PROBLEM:
The word "Lids" occurs in some lines of the data. Return each such line.

::: DATA SECTION

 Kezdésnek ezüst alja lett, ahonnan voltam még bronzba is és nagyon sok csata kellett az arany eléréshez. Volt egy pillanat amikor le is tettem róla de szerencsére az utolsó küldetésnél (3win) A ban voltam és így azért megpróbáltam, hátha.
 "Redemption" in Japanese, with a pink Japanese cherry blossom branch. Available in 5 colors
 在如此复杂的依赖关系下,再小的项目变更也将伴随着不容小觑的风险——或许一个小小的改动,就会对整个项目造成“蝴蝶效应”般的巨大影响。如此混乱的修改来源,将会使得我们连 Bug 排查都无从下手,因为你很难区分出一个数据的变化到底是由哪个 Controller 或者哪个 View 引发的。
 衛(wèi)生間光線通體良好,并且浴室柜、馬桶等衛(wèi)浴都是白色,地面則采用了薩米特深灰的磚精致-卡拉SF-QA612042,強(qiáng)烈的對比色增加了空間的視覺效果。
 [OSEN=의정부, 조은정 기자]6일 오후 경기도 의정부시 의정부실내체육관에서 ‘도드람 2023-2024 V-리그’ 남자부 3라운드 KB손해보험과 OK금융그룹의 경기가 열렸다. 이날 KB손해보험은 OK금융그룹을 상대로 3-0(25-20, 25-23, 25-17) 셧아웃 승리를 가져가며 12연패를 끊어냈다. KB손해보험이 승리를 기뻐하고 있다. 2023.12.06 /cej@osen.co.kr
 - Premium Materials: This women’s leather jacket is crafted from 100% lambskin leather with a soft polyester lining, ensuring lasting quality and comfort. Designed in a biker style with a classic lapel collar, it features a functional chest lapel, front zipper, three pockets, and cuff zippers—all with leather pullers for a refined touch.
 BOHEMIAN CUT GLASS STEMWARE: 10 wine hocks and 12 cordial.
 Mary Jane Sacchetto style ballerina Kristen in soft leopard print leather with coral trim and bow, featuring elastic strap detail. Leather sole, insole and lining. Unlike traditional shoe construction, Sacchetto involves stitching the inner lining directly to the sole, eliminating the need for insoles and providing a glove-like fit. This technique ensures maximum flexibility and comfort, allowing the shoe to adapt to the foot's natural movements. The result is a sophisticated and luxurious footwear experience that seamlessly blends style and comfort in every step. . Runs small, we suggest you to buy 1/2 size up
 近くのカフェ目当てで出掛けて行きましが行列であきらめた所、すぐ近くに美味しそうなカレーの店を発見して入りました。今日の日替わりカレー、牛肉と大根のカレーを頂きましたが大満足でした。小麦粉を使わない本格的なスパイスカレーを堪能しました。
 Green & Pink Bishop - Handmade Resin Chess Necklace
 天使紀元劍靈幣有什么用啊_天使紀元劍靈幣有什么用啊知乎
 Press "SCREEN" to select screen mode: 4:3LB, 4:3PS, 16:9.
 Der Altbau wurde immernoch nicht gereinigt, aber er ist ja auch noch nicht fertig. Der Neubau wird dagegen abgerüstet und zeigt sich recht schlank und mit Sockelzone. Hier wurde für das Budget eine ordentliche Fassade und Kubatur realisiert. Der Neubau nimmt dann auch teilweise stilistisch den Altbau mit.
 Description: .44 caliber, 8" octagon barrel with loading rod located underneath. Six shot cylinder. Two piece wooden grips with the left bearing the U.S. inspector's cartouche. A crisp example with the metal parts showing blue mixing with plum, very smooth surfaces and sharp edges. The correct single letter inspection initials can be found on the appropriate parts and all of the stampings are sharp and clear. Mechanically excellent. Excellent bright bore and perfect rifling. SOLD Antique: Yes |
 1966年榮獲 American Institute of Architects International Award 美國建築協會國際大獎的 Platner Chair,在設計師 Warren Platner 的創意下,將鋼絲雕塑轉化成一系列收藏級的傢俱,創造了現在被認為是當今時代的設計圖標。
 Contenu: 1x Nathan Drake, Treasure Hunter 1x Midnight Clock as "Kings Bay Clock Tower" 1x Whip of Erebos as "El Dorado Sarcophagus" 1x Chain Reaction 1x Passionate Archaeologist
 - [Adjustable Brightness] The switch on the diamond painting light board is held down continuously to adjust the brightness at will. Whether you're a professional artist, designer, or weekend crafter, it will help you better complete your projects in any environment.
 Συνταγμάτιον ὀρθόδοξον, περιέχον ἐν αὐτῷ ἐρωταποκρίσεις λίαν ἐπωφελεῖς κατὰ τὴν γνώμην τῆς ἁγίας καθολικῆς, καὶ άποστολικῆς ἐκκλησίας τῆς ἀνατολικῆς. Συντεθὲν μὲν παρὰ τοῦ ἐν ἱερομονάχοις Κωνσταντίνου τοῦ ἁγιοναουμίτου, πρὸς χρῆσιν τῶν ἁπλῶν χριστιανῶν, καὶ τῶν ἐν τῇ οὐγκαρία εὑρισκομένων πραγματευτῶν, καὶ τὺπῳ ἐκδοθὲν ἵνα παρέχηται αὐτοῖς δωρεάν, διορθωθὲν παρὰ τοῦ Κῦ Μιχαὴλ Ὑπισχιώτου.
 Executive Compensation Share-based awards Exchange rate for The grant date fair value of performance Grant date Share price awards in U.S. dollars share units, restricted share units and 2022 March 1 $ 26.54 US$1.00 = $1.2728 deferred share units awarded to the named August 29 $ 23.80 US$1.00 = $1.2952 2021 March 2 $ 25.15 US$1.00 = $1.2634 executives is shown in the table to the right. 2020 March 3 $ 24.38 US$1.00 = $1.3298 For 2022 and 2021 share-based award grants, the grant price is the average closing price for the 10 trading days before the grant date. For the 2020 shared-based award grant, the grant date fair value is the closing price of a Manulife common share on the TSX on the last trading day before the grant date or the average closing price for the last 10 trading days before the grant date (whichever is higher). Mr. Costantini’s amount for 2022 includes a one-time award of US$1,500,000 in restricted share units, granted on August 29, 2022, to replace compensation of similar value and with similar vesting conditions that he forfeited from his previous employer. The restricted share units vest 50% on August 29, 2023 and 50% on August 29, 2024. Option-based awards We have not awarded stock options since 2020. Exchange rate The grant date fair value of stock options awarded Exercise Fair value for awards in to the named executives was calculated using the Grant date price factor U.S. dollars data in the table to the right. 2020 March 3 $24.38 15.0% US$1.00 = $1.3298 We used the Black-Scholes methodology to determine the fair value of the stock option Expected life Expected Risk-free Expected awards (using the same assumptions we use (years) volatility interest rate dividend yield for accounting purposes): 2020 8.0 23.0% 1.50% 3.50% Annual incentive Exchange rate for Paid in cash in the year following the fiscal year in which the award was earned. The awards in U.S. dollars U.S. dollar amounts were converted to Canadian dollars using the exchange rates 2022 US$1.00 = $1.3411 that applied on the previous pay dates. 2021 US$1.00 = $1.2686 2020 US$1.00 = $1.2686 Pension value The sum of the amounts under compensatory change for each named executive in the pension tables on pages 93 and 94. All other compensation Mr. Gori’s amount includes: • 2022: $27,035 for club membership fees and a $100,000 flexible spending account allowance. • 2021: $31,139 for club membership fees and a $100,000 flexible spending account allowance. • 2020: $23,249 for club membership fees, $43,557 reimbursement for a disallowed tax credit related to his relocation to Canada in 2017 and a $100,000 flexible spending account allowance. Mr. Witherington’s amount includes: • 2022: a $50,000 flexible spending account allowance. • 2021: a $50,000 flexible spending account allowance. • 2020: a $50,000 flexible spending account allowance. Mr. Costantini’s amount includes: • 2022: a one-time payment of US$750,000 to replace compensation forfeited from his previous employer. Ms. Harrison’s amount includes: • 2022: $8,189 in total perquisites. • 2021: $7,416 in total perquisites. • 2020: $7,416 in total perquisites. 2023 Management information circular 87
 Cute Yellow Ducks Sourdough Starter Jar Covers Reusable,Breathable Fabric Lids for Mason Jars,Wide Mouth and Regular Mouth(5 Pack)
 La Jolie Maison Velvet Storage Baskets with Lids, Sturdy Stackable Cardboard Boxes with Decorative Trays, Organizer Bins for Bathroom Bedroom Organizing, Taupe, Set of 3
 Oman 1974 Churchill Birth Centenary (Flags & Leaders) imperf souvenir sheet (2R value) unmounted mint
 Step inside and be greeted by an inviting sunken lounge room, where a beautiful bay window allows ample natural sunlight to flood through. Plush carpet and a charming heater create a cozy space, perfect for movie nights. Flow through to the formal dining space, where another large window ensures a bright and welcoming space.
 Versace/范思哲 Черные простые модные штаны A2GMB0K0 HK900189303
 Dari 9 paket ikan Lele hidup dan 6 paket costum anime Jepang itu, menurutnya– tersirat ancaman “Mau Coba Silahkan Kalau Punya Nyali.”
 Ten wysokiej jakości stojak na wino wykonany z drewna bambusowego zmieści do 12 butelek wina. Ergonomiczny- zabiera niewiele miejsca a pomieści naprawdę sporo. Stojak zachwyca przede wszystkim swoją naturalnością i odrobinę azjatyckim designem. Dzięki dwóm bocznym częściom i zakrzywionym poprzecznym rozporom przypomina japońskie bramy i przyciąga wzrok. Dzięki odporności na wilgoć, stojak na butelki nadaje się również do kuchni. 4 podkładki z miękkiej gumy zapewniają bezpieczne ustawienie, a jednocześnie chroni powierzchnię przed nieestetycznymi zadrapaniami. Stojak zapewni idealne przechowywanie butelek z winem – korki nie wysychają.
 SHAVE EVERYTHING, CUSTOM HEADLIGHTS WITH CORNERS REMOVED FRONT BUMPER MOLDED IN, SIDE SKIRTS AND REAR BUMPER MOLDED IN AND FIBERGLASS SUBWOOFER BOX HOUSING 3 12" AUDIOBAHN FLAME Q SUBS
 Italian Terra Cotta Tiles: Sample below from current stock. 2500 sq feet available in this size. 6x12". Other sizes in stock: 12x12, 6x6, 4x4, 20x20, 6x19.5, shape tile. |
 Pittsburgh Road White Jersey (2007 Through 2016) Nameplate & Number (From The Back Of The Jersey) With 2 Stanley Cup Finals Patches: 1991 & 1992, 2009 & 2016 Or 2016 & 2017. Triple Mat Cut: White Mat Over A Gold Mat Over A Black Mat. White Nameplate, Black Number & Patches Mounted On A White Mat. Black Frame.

::::::

YOUR RESPONSE:
 Cute Yellow Ducks Sourdough Starter Jar Covers Reusable,Breathable Fabric Lids for Mason Jars,Wide Mouth and Regular Mouth(5 Pack)
 La Jolie Maison Velvet Storage Baskets with Lids, Sturdy Stackable Cardboard Boxes with Decorative Trays, Organizer Bins for Bathroom Bedroom Organizing, Taupe, Set of 3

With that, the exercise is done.